Re: fsnotify pre-modify VFS hooks (Was: fanotify and LSM path hooks)

Amir Goldstein <amir73il@xxxxxxxxx> · Mon, 6 Jul 2020 13:51:18 +0300

On Fri, Jul 3, 2020 at 4:38 PM Jan Kara <jack@xxxxxxx> wrote:
>
> On Tue 30-06-20 17:28:10, Amir Goldstein wrote:
> > On Tue, Jun 30, 2020 at 12:20 PM Jan Kara <jack@xxxxxxx> wrote:
> > > the number of variants you have to introduce and then pass NULL in some
> > > places because you don't have the info available and then it's not
> > > immediately clear what semantics the event consumers can expect... That
> > > would be good to define and then verify in the code.
> > >
> >
> > I am not sure I understand what you mean.
> > Did you mean that mnt_want_write_at() mnt_want_write_path() should be
> > actual functions instead of inline wrappers or something else?
>
> Now looking at it, I find mnt_want_write_at2() the most confusing one. Also
> the distinction between mnt_want_write_at() and mnt_want_write_path() seems
> somewhat arbitrary at the first sight (how do you decide where to use
> what?) but there I guess I see where you are coming from...

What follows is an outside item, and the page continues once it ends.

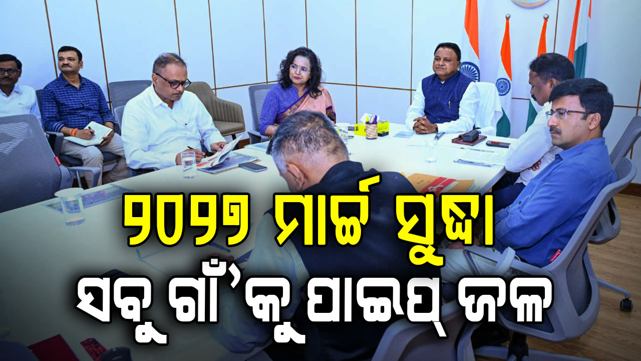 ମୁଖ୍ୟମନ୍ତ୍ରୀ ଶ୍ରୀ ମୋହନ ଚରଣ ମାଝୀ ଲୋକସେବା ଭବନ ଠାରେ ପଞ୍ଚାୟତିରାଜ ଓ ପାନୀୟ ଜଳ ବିଭାଗର ଗ୍ରାମୀଣ ପାନୀୟ ଜଳ ଯୋଗାଣ ବ୍ୟବସ୍ଥା ସମ୍ପର୍କରେ ସମୀକ୍ଷା କରି ୨୦୨୭ ମାର୍ଚ୍ଚ ସୁଦ୍ଧା ରାଜ୍ୟର ସବୁ ଗ୍ରାମକୁ ପାଇପ୍ ଜଳ ଯୋଗାଣ ସୁବିଧା ଯୋଗାଇଦେବାକୁ ନିର୍ଦ୍ଦେଶ ଦେଇଛନ୍ତି । ଏହାକୁ ମିଶନ୍ ମୋଡ୍ରେ କାର୍ଯ୍ୟକାରୀ କରି ନିର୍ଦ୍ଦିଷ୍ଟ ସମୟସୀମା ମଧ୍ୟରେ ଯେପରି ସମସ୍ତ ଗ୍ରାମଗୁଡ଼ିକୁ ପାନୀୟ ଜଳ ସୁବିଧା ଯୋଗାଇ ଦିଆଯିବ ସେଥିପ୍ରତି ସ୍ୱତନ୍ତ୍ର ଦୃଷ୍ଟି ଦେବାକୁ ମୁଖ୍ୟମନ୍ତ୍ରୀ ବିଭାଗକୁ ପରାମର୍ଶ ଦେଇଛନ୍ତି । ଆଦିବାସୀ ଅଧ୍ୟୁଷିତ ଅଞ୍ଚଳ ପ୍ରତି ବିଶେଷ ଦୃଷ୍ଟି ଦେବାକୁ ମୁଖ୍ୟମନ୍ତ୍ରୀ ବୈଠକରେ ଗୁରୁତ୍ୱାରୋପ କରିଥିଲେ ।

OK, I renamed the wrappers and documented them as follows:

 * mnt_want_write_path - get write access to a path's mount
 * mnt_want_write_name - get write access to a path's mount before link/unlink
 * mnt_want_write_rename - get write access to a path's mount before rename

Pushed this to branch fsnotify_pre_modify.

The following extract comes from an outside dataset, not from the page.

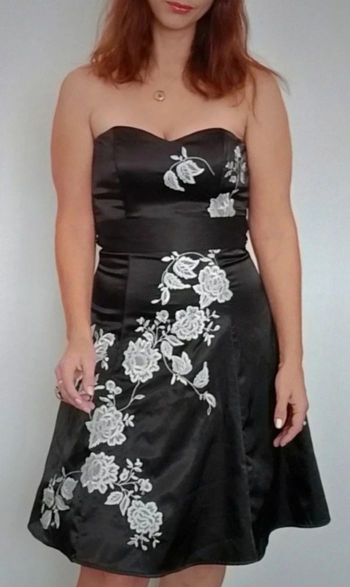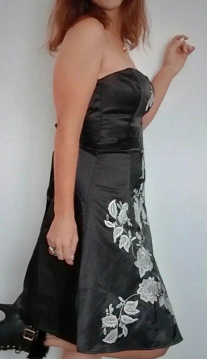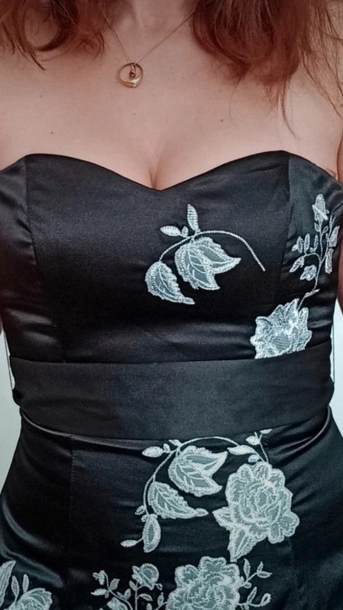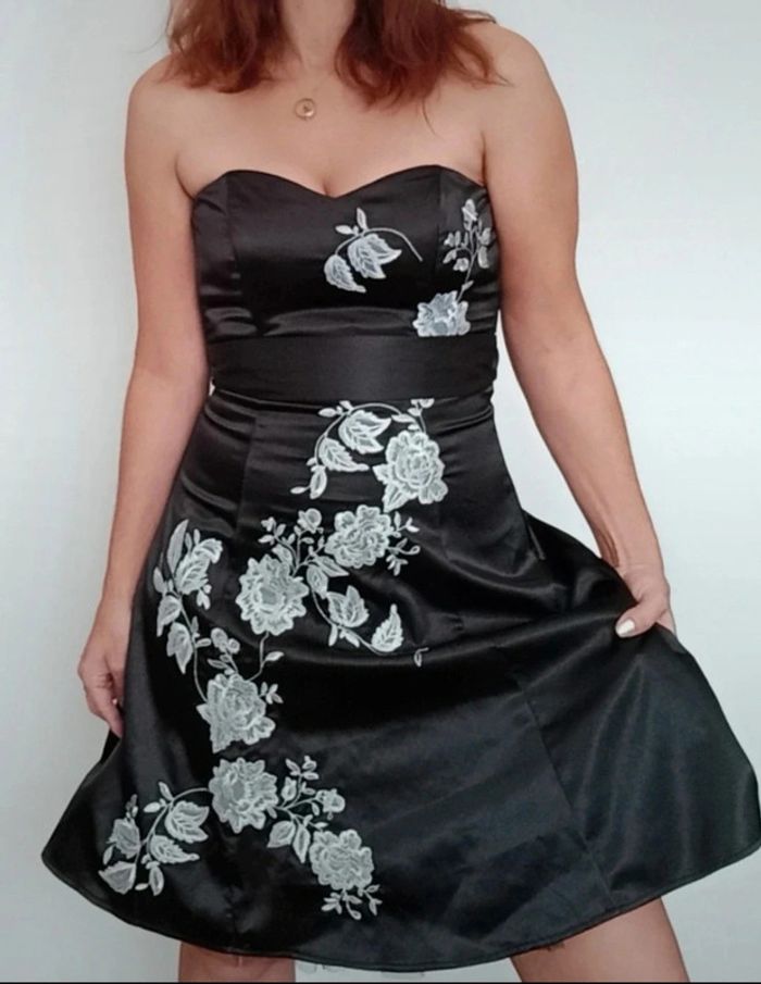 Regardez mes autres articles dans cette taille pour grouper les fdp #poupoupidou34 Robe de soirée bustier satinée très chic, décolleté coeur, doublée, unie noir à fleurs brodées, tulle en bas, liens satin pour cintrer la taille, mi longue jupe évasée, très belle qualité, beaucoup d effet, fermeture éclair dos, hélas trop petite pour moi #robecocktail34 #robefetes34 #robereveillon34 #robesoiree34 #robebustiersatin34 #robexanaka34 #robesatin34 #robebroderies34 #robeevenement34

I can see why the use of mnt_want_write_at() and mnt_want_write_path() seems
arbitrary. This is because in VFS code, @path argument can mean the path of the
object or path of the parent, depending on the function.
It is just by examining the code that you can figure that out, but in
practice path
means parent in link/unlink/rename functions.

>
> > > Also given you have the requirement "no fs locks on event generation", I'm
> > > not sure how reliable this can be. If you don't hold fs locks when
> > > generating event, cannot it happen that actually modified object is
> > > different from the reported one because we raced with some other fs
> > > operations? And can we prove that? So what exactly is the usecase and
> > > guarantees the event needs to provide?
> >
> > That's a good question. Answer is not trivial.
> > The use case is "persistent change tracking snapshot".
> > "snapshot" because it tracks ALL changes since a point in time -
> > there is no concept of "consuming" events.
>
> So you want to answer question like: "Which paths changed since given point
> in time?" 100% reliably (no false negatives) in a power fail safe manner? So
> effectively something like btrfs send-receive?
>

It's the same use case of btrfs send-receive (power fail safe
incremental backup),
but semantics are quite different.
btrfs send-receive information contains the actual changes.
Persistent change tracking only contains the information of where changes are
possible. IOW, there is potentially much more comparing to do with the target.
And of course, it is filesystem agnostic.

Thanks,
Amir.

> > It is important to note that this is complementary to real time fs events.
> > A user library may combine the two mechanisms to a stream of changes
> > (either recorded or live), but that is out of scope for this effort.
> > Also, userspace would likely create periodic snapshots, so that e.g.
> > current snapshot records changes, while previous snapshot recorded
> > changes are being scanned.
> >
> > The concept is to record every dir fid *before* an immediate child or directory
> > metadata itself may change, so that after a crash, all recorded dir fids
> > may be scanned to search for possibly missed changes.
> >
> > The dir fid is stable, so races are not an issue in that respect.
> > When name is recorded, change tracking never examines the object at that
> > name, it just records the fact that there has been a change at [dir fid;name].
> > This is mostly needed to track creates.
>
> You're right that by only tracking dir fids where something changed you've
> elliminated most of problems since once we lookup a path, the change is
> definitely going to happen in the dir we've looked up. If it really happens
> or on which inode in the dir is not determined yet but the dir fid is. I'm
> not yet 100% sure how you'll link the dir fids to actual paths on query or
> how the handling of leaf dir entries is going to work but it seems possible
> :)
>
> > Other than that, races should be handled by the backend itself, so proof is
> > pending the completion of the backend POC, but in hand waving:
> > - All name changes in the filesystem call the backend before the change
> >   (because backend marks sb) and backend is responsible for locking
> > against races
> > - My current implementation uses overlayfs upper/index as the change
> >   track storage, which has the benefit that the test "is change recorded"
> >   is implemented by decode_fh and/or name lookup, so it is already very much
> >   optimized by inode and dentry cache and shouldn't need any locking for
> >   most  pre_modify calls
> > - It is also not a coincidence that overlayfs changes to upper fs do not
> >   trigger pre_modify hooks because that prevents the feedback loop.
> >   I wrote in commit message that "is consistent with the fact that overlayfs
> >   sets the FMODE_NONOTIFY flag on underlying open files" - that is needed
> >   because the path in underlying files is "fake" (open_with_fake_path()).
> >
> > If any of this hand waving sounds terribly wrong please let me know.
> > Otherwise I will report back after POC is complete with a example backend.
>
> It sounds like it could work :).
>
>                                                                 Honza
>
> --
> Jan Kara <jack@xxxxxxxx>
> SUSE Labs, CR